A Study on Adverse Drug Reaction Profile of 2nd Line Drugs in Multi Drug Resistant (MDR) and Extensively Drug Resistant (XDR) Tuberculosis Cases Registered under DR-TB Centre in a Tertiary Care Hospital.

Ganes Mahata1, Rupam Kumar T. A.2, Pronoy Sen3, Sandip Mukhopadhyay4

1Commandant Medical, Composite Hospital, CRPF, New Delhi, India. 2Department of Chest Medicine, BMCH, Bardhaman, West Bengal, India. 3Department of Chest Medicine, BMCH, Bardhaman, West Bengal, India.
4Department of Pharmacology, BMCH, Bardhaman, West Bengal, India.

CORRESPONDING AUTHOR

Dr. Rupam Kumar T. A.,
Email : rupamkumarta@yahoo.com

ABSTRACT

Corresponding Author:
Dr. Rupam Kumar T. A.,
#120, Vivekananda Road,
Chotonilpur, PO-Sripally, Dist-Purba,
Bardhaman-713103, West Bengal, India.
E-mail: rupamkumarta@yahoo.com

ABSTRACT

BACKGROUND

The emergence of drug resistant mycobacterium has become a significant public health problem creating an obstacle to effective tuberculosis (TB) control. Freedom from TB is possible with timely, regular, complete treatment, with assurance, prevention and management of side effects of antitubercular drugs. Present study was conducted to evaluate common and rare adverse drug reactions (ADR) of CAT IV and CAT V to analyse demographic, radiological and bacteriological profile and treatment outcome in MDR & XDR patients. We wanted to evaluate the common and rare adverse drug reactions of intensive phase treatment of Multi Drug Resistant Tuberculosis (MDR) and Extensively Drug Resistant Tuberculosis (XDR) as per WHO-UMC Causality Assessment Scale.

METHODS

76 patients of MDR and XDR Tuberculosis were admitted in DR-TB (Drug Resistant TB) centre, Burdwan Medical College and Hospital and the adverse drug reaction profile of 2nd line drugs were analysed during the intensive phase from April 2016 to September 2017 after fulfilling the inclusion and exclusion criteria. Treatment was given as per the guidelines of Revised National TB Control Program PMDT (Programmatic Management of Drug-Resistant TB).

RESULTS

Adverse drug reactions on GI system were nausea 73 patients (96.10%), vomiting 70 (92.10%), acidity 41 (53.9%), and sulphurous belching and hepatitis 1 (1.31%) each. Peripheral neuropathy, hearing deficit, myopathy, skin rashes, hepatitis, nephrotoxicity, cardiac toxicity and convulsion were also observed. In psychosis, 3 (3.95%) had depression and made suicidal attempt. 1 each (1.31%) in hallucination and paranoia. 5 patients (6.58%) had blurring of vision, 2 patients (3.95%) had redness of eyes and one (1.31%) had eye irritation. Reactions were common in first 60 days of the regimen and in patients with BMI ≤18.

CONCLUSIONS

Vigilant monitoring is required for these patients during the initial period and sputum smear and culture conversion is very well correlated with clinical and radiological improvement.

KEY WORDS

MDR TB, XDR TB, Adverse Effects

 

BACKGROUND

Mycobacterium tuberculosis (M. tuberculosis) is an ancient human pathogen, which has plagued countless human societies despite the introduction of curative and preventive therapy in the last century. In recent years, international attention has turned toward the evolving burden of drug resistance. Multi-drug resistant tuberculosis (MDR TB) has emerged in epidemic proportions in the wake of widespread HIV infection in the world's poorest populations, including sub-Saharan Africa.
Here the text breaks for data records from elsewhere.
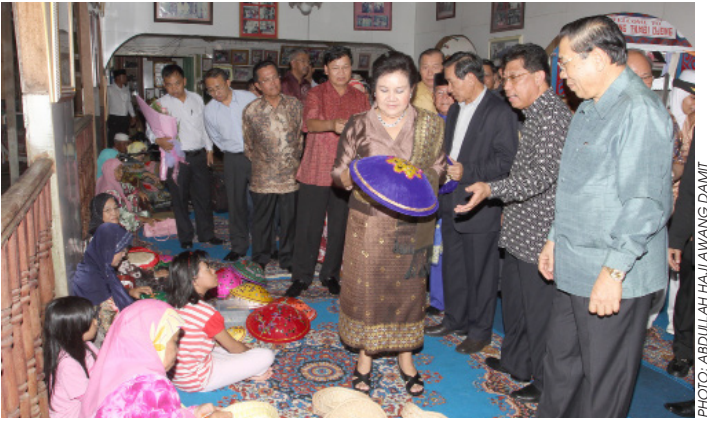
His Excellency and wife at one of the homes of Kampung Tamoi at Kampung Ayer showcasing traditional arts and handicrafts.

Speaking on the theme of the `Farmers and Fishermen's Day 2010' which is 'Food Generated, Nation Secured', it is suitable as it appreciates the deeds of farmers and fishermen as the nation's food generator.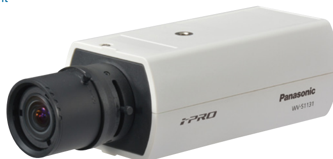
Lens : Optional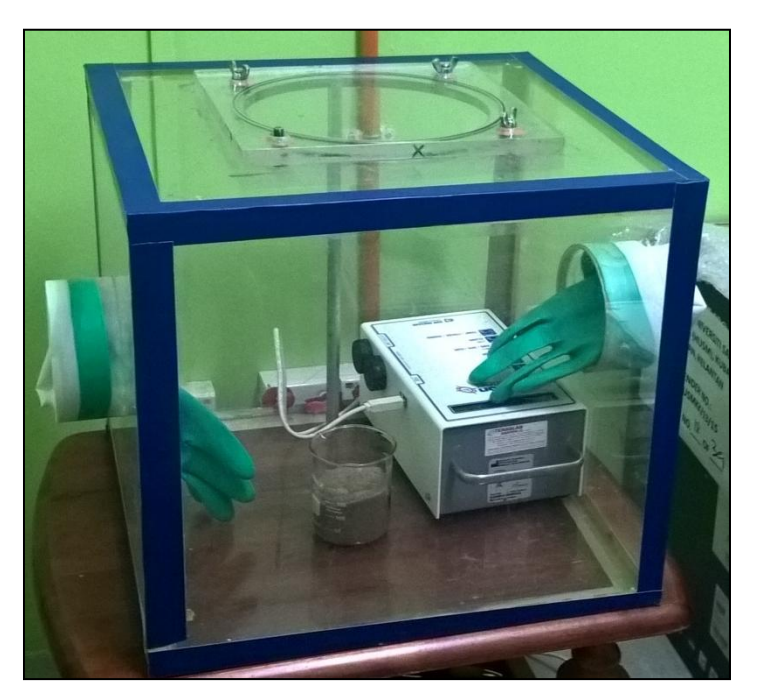
Fig. 2 Radon Sentinel 1030 monitor was used to determine <sup>222</sup>Rn concentrations level emanated from collected soil samples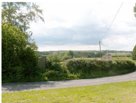
View to south-west from the green

The only public open space is the small, sloping triangular green, eulogized in Henry Lamb's watercolour painting of 1926.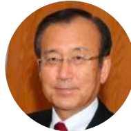
Dr Tadatoshi Akiba Awarded for his work to press for the abolition of nuclear weapons.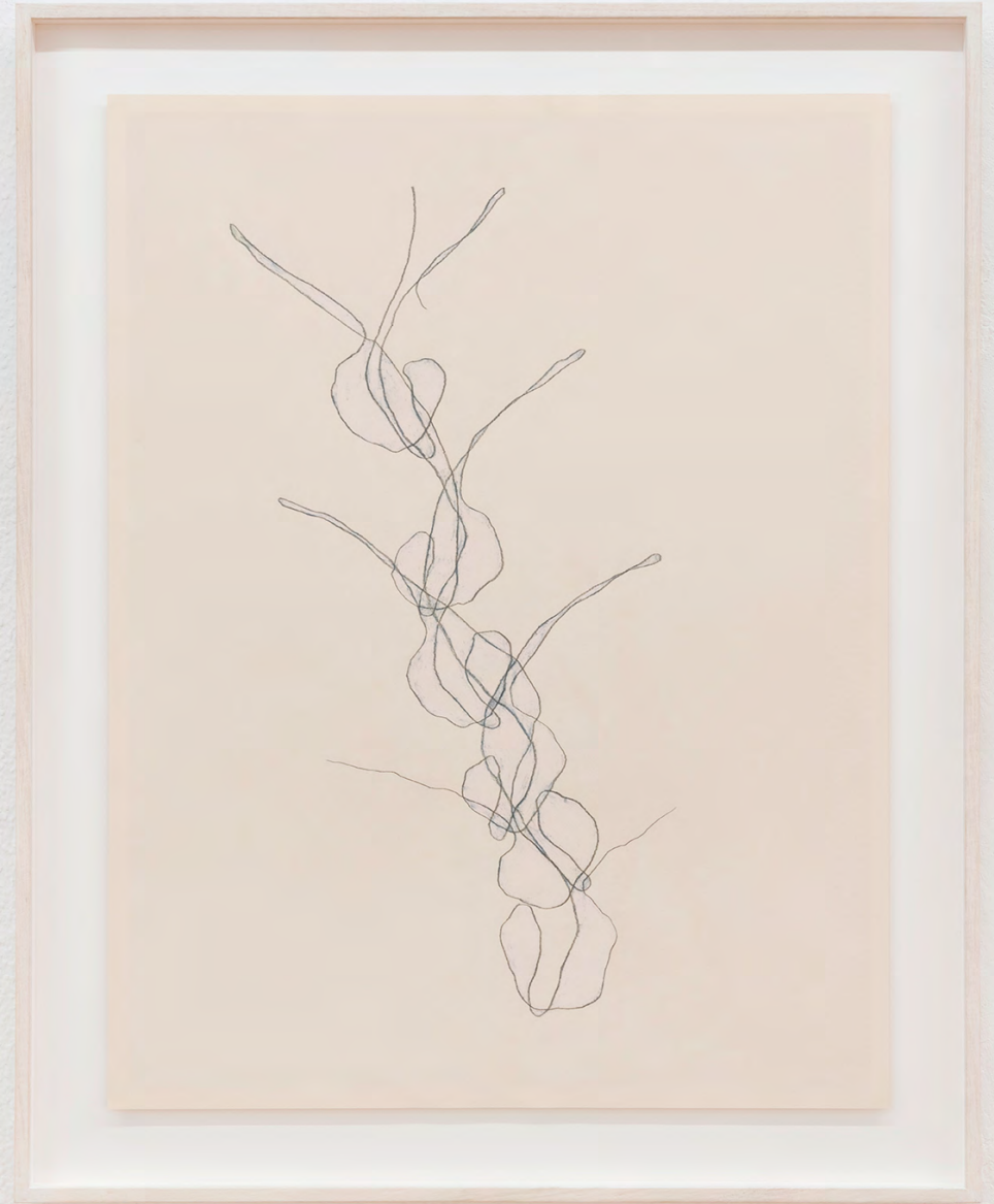
Juliana Cerqueira Leite Wash hands (quickly leaving thumbs dirty) 3, 2023 Graphite and colored Luminance pencil on paper 76,5 × 61,5 × 3,8 cm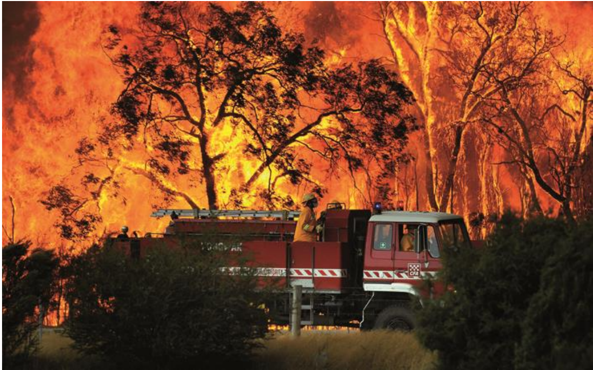
CFA crew.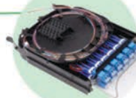
CCH Pigtailed Splice Cassette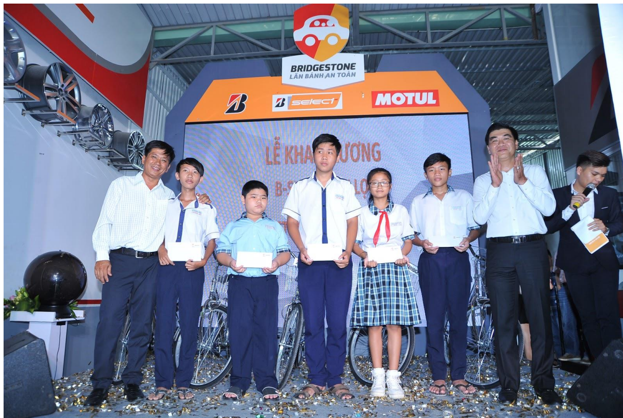
B-select Van Loi representative and authority giving scholarships to student.

and many other discounts, etc. as well as the car care consulting from experienced technicians. All of the tickets that were sold in event (300.000 VND/ ticket) used to fund for local charities.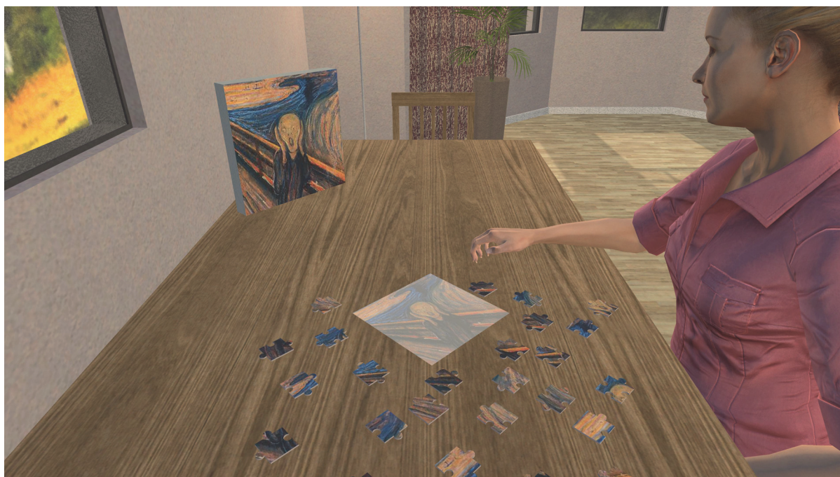
Fig. 1. First-person view of the main scene of our application. Our system placed the puzzle pieces randomly on the table. The jigsaw puzzle box is on the table's left corner. We used the semi-transparent puzzle board to inform our study participants where to place the puzzle pieces. We also see the virtual character that helped study participants to co-solve the jigsaw puzzle.

puzzle successfully since she always places the puzzle piece in the right spot, as in this condition, the probability of successfully placing a puzzle piece in the right spot is 100%.

Extensively drug-resistant TB (XDR TB) was first reported in 2006 but has now been documented on six continents1. These trends are critically important for global health, since drug-resistant TB mortality rates are high and second and third-line agents for the treatment of drug-resistant TB are less potent and less tolerable than first-line therapies.

Drug resistant tuberculosis (DR-TB) poses a great threat to the eradication of TB. Therefore, preventing the disease is the key to saving lives and resources. Social and behavioural variables play a big part in this prevention. It is important to determine the social factors that may lead to DR-TB in order to set up prevention programs and more efficient treatment regimens. Drug resistance in tuberculosis is a global problem and India is no exception to this. However, this rise is mainly among the previously treated cases as previous anti-tuberculosis therapy is the single most important risk factor for the development of drug resistance. The worldwide prevalence of drug resistant tuberculosis is on the rise and multiple studies give varying data regarding the adverse drug reaction of multi drug resistant tuberculosis. This study was taken up to determine the adverse drug reactions profile of a patient, previous history of anti-tubercular drug intake and pattern of drug resistant. Globally, 5% of TB cases were estimated to have had MDR-TB in 2013 (3.5% of new and 20.5% of previously treated TB cases). Drug resistance surveillance data show that an estimated 480,000 people developed MDR-TB in 2013 and 210,000 people died. Extensively drug-resistant TB (XDR-TB) has been reported by 100 countries in 2013. On average, an estimated 9% of people with MDR-TB have XDR-TB.2 WHO 2014 Global report on tuberculosis- 97,000 patients were started on MDR-TB treatment in 2013. 2nd line drugs have a lot of side effects. In India, the prevalence of multi-drug resistant TB (MDR-TB), defined as resistance to Isoniazid and Rifampicin with or without resistance to other drugs, is found to be at a low level in most of the regions. Data from several studies conducted by TRC and NTI, have found MDR-TB levels of less than 1% to 3% in new cases and around 12% in re-treatment cases.3,4 The disease is not only medical problem or a public health problem but is also a critical social problem of great magnitude. Base line and adequate information on adverse drug reactions profile of 2nd line drug in MDR and XDR TB, is required for its control and effective treatment.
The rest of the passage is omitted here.